López Elena, López Isabel, Sequí Julia, Ferreira Antonio
Phosphoproteomic core, Spanish National Cancer Research Centre (CNIO), C/Melchor Fernández Almagro, 3, 28029, Madrid, Spain.
J Clin Bioinforma. 2011 Jul 6;1(1):16. doi: 10.1186/2043-9113-1-16.
The mitogen activated protein kinase (MAPK) pathways are known to be deregulated in many human malignancies. Phosphopeptide identification of protein-kinases and site determination are major challenges in biomedical mass spectrometry (MS). P38 and HuR protein kinases have been reported extensively in the general principles of signalling pathways modulated by phosphorylation, mainly by molecular biology and western blotting techniques. Thus, although it has been demonstrated they are phosphorylated in different stress/stimuli conditions, the phosphopeptides and specific amino acids in which the phosphate groups are located in those protein kinases have not been shown completely.

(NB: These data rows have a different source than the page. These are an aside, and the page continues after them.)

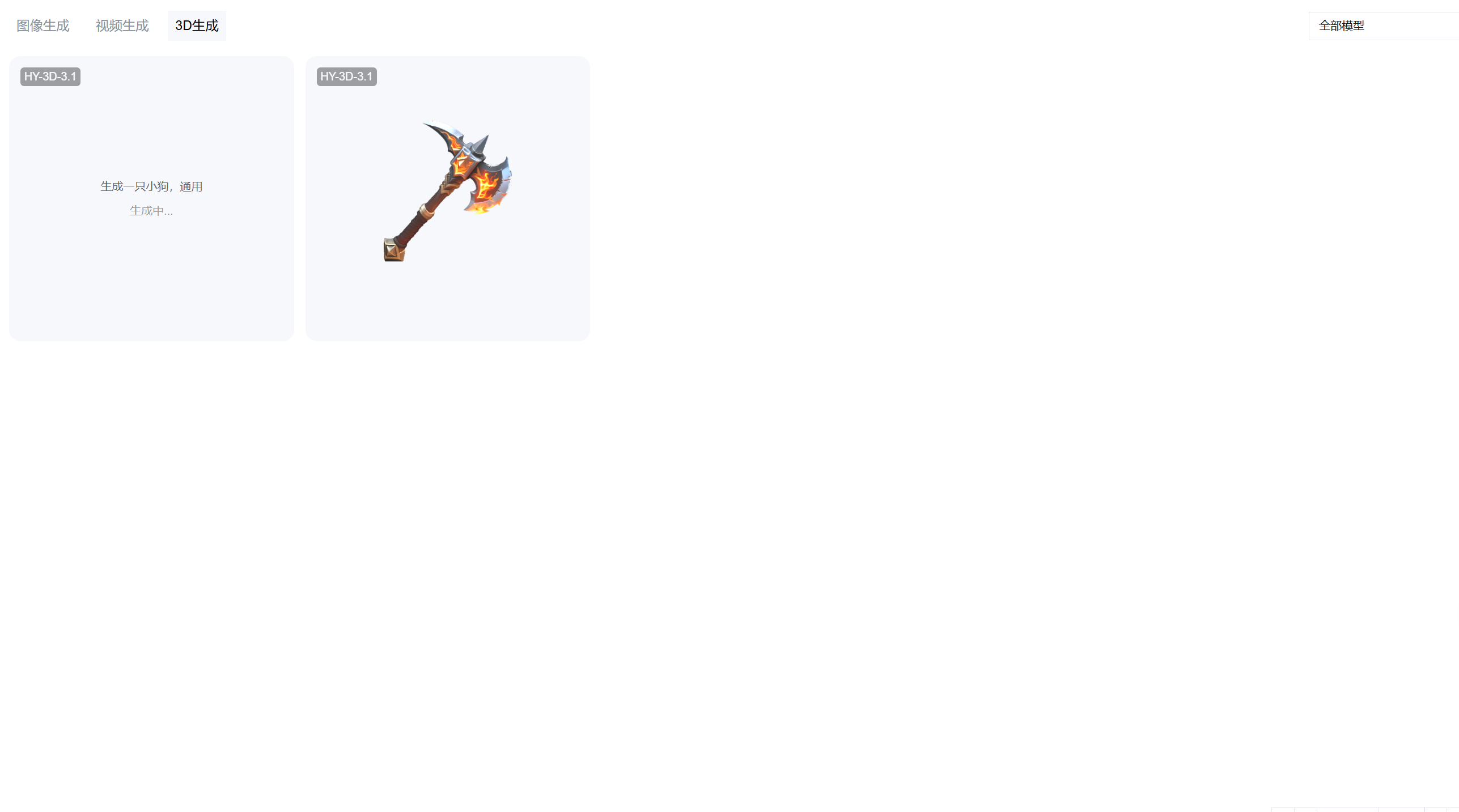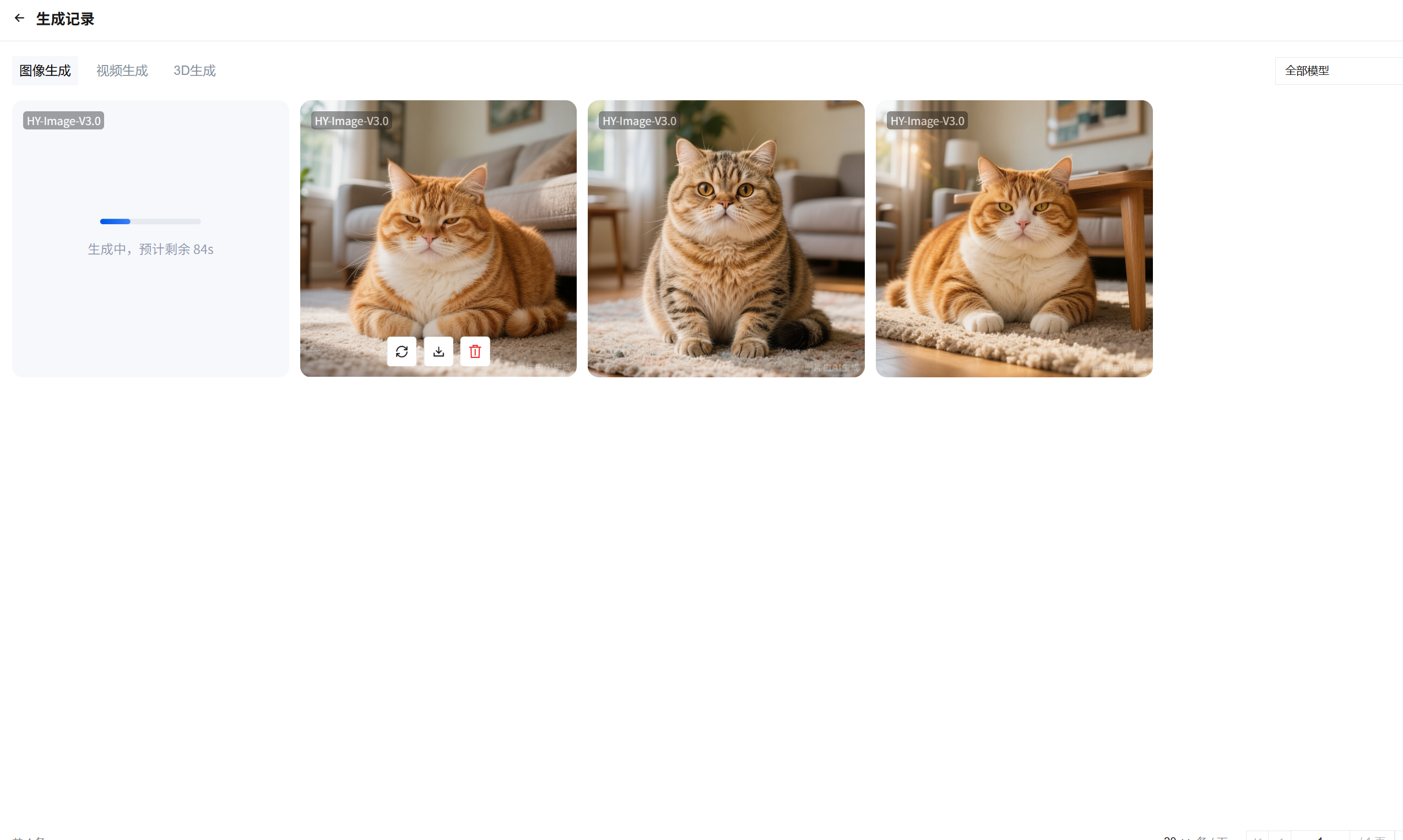 生成记录以任务卡片的形式呈现,展示生成作品缩略图、使用模型、任务状态(已完成 / 生成中 / 生成失败)。其中:对于在“生成中”的任务,若为文生3D,则会显示用户的提示词 + 生成进度;若为图生3D,会显示参考图 + 生成进度。
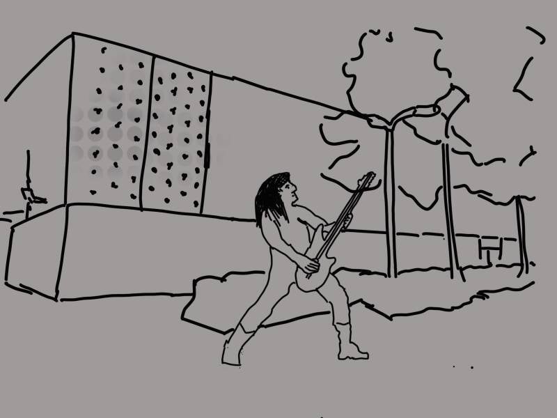 Een beeld voor iedereen die zich inzet voor de muziek, past in de visie. Op die plek bij 013 zou dat mogelijk moeten zijn. Ik denk aan een gitarist, een herkenbaar beeld. No nonsense. Ik zie een rocker voor me. De armen vol tatoeages, met namen erop van mensen die veel voor de muziek hebben betekend. Tilburgers kunnen zelf die namen aandragen.
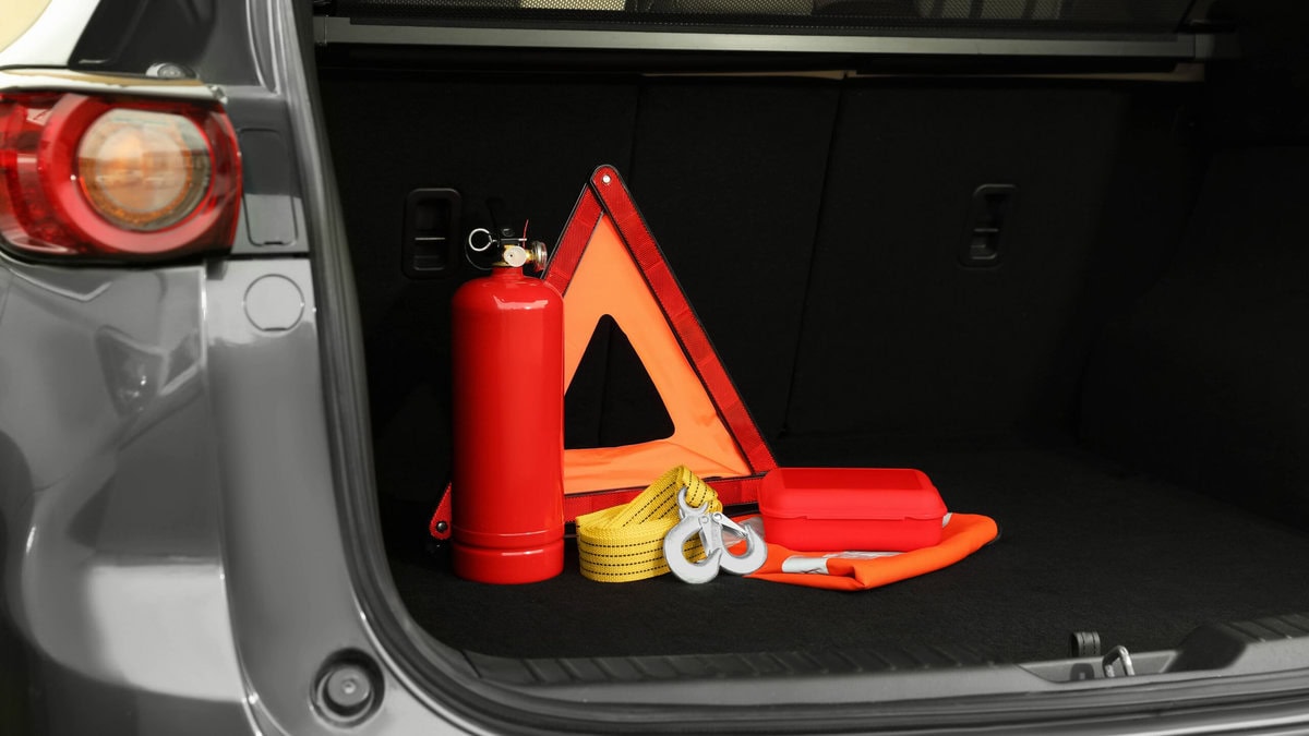 Set of car safety equipment in trunk; Shutterstock ID 2261590513; purchase_order: -; job: -; client: -
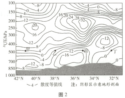 解题思路根据材料及所学知识可知,暴雪天气的形成需满足近地面散度小于0(气流辐合),高空散度大于0(气流辐散),数值差异越大,暴雪天气出现的可能性越大。读图可知,在36°N附近,近地面和高空均存在闭合的散度等值线,近地面闭合等值线的散度值为−16,明显小于周围地区,高空闭合等值线中心的散度值明显高于周边地区,说明36°N附近近地面空气辐合强度大,高空气流辐散强度大,在垂直方向上气流剧烈上升,易形成暴雪天气。故B项正确。
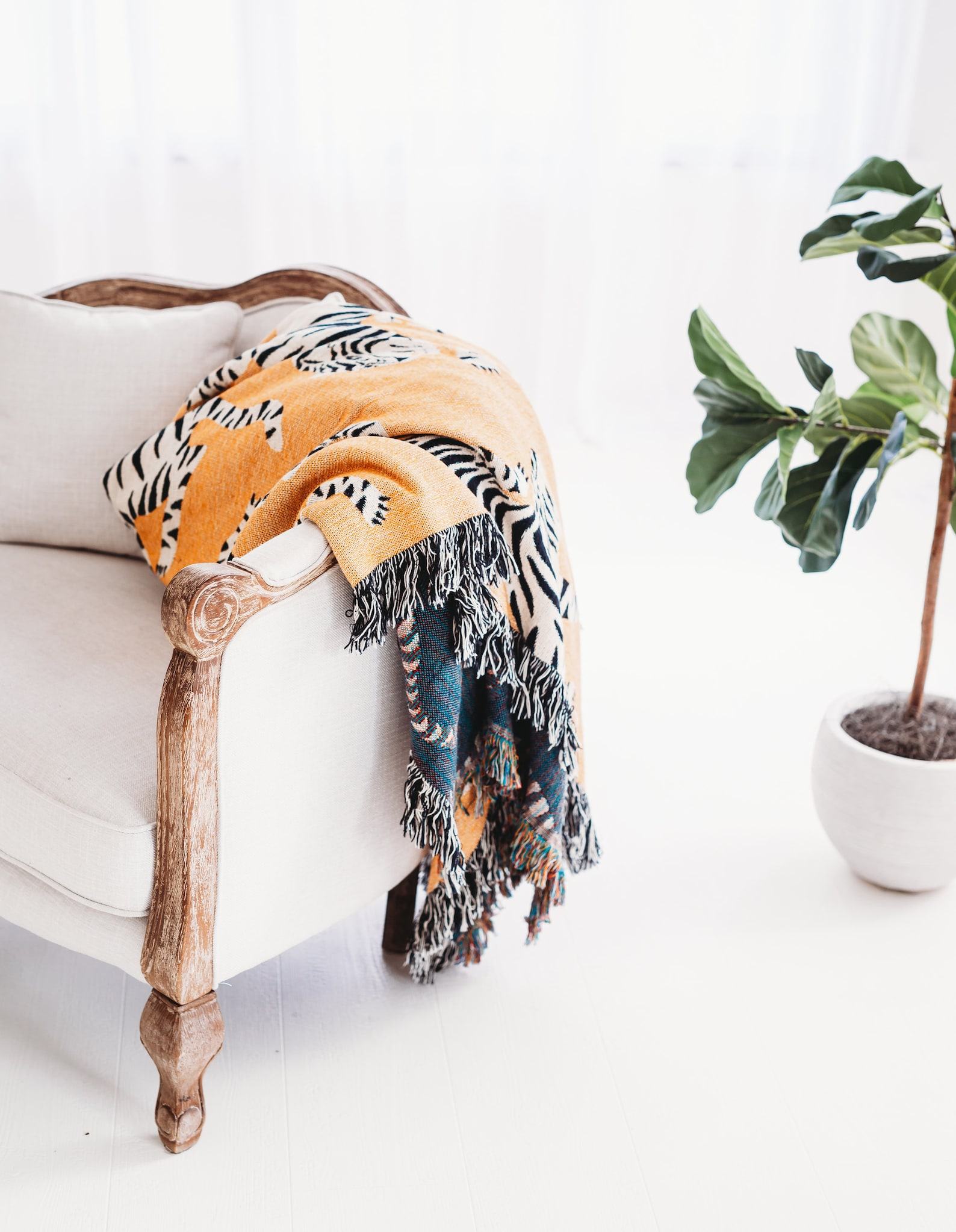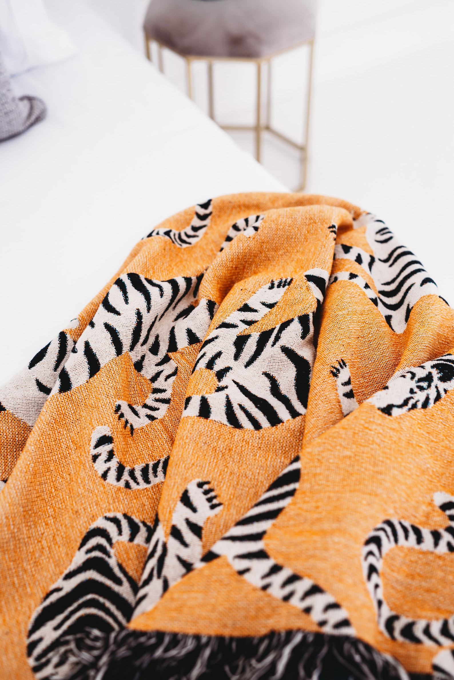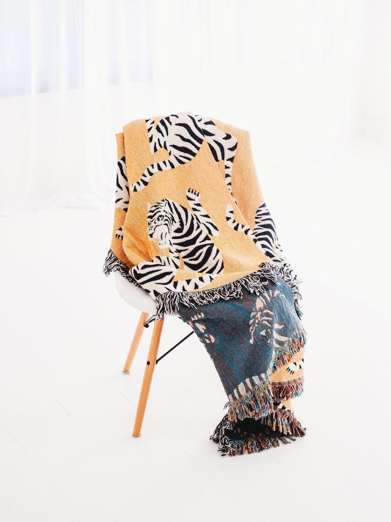 - Snuggle up with this cozy White Tiger Throw Blanket, featuring a captivating woven design of a majestic tiger.

We have combined different resins: (a) IMAC (Immobilized Metal Affinity Capture), (b) TiO2 (Titanium dioxide) and (c) SIMAC (Sequential Elution from IMAC) to isolate phosphopeptides from p38 and HuR protein kinases in vitro.Different phosphopeptide MS strategies were carried out by the LTQ ion Trap mass spectrometer (Thermo): (a) Multistage activation (MSA) and (b) Neutral loss MS3 (DDNLMS3).In addition, Molecular Dynamics (MD) bioinformatic simulation has been applied in order to simulate, over a period of time, the effects of the presence of the extra phosphate group (and the associated negative charge) in the overall structure and behaviour of the protein HuR.This study is supported by the Declaration of Helsinki and subsequent ethical guidelines.
The combination of these techniques allowed for:(1) The identification of 6 unknown phosphopeptides of these protein kinases. (2) Amino acid site assignments of the phosphate groups from each identified phosphopeptide, including manual validation by inspection of all the spectra. (3) The analyses of the phosphopeptides discovered were carried out in four triplicate experiments to avoid false positives getting high reproducibility in all the isolated phosphopeptides recovered from both protein kinases. (4) Computer simulation using MD techniques allowed us to get functional models of both structure and interactions of the previously mentioned phosphorylated kinases and the differences between their phosphorylated and un-phosphorylated forms.
Many research studies are necessary to unfold the whole signalling network (human proteome), which is so important to advance in clinical research, especially in the cases of malignant diseases.
已知丝裂原活化蛋白激酶(MAPK)通路在许多人类恶性肿瘤中失调。蛋白质激酶的磷酸肽鉴定和位点确定是生物医学质谱(MS)中的主要挑战。P38和HuR蛋白激酶在磷酸化调节的信号通路的一般原理方面已有广泛报道,主要采用分子生物学和蛋白质印迹技术。因此,尽管已证明它们在不同的应激/刺激条件下会发生磷酸化,但这些蛋白激酶中磷酸基团所在的磷酸肽和特定氨基酸尚未完全明确。
我们结合了不同的树脂:(a)固定化金属亲和捕获(IMAC),(b)二氧化钛(TiO2)和(c)IMAC顺序洗脱(SIMAC),以体外分离p38和HuR蛋白激酶的磷酸肽。通过LTQ离子阱质谱仪(赛默飞世尔)进行不同的磷酸肽MS策略:(a)多级活化(MSA)和(b)中性丢失MS3(DDNLMS3)。此外,应用分子动力学(MD)生物信息学模拟,在一段时间内模拟额外磷酸基团(以及相关负电荷)的存在对HuR蛋白整体结构和行为的影响。本研究得到了《赫尔辛基宣言》及后续伦理准则的支持。
这些技术的结合实现了:(1)鉴定出这些蛋白激酶的6种未知磷酸肽。(2)对每个鉴定出的磷酸肽的磷酸基团进行氨基酸位点分配,包括通过检查所有光谱进行人工验证。(3)对发现的磷酸肽进行了四次重复实验分析,以避免假阳性,使从两种蛋白激酶中回收的所有分离磷酸肽都具有高重现性。(4)使用MD技术的计算机模拟使我们能够获得上述磷酸化激酶的结构和相互作用的功能模型,以及它们磷酸化和未磷酸化形式之间的差异。
需要进行许多研究来揭示整个信号网络(人类蛋白质组),这对于推进临床研究,特别是在恶性疾病的情况下非常重要。